What is being asked:
What you give back from the listing below should be an exact copy of the lines from the one with "For the rest" down to the one with "Navigational chart; engraved", and it should contain no pictures.

Input:
*** Begin section ***

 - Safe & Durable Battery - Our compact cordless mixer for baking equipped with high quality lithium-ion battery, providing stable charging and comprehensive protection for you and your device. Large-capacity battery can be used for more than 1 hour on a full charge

*** End section ***
*** Begin section ***

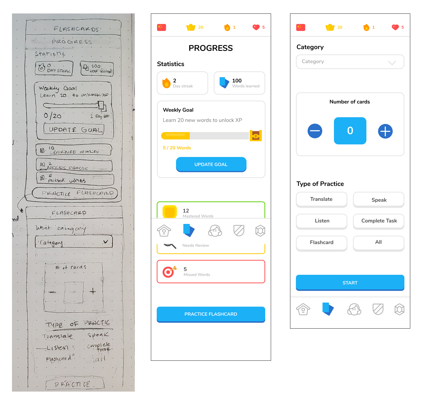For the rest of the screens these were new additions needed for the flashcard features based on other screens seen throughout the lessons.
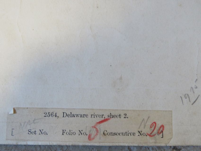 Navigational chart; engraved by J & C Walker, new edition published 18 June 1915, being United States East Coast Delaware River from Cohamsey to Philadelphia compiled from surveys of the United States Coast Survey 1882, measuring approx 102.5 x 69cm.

*** End section ***

Your response:
For the rest of the screens these were new additions needed for the flashcard features based on other screens seen throughout the lessons.
 Navigational chart; engraved by J & C Walker, new edition published 18 June 1915, being United States East Coast Delaware River from Cohamsey to Philadelphia compiled from surveys of the United States Coast Survey 1882, measuring approx 102.5 x 69cm.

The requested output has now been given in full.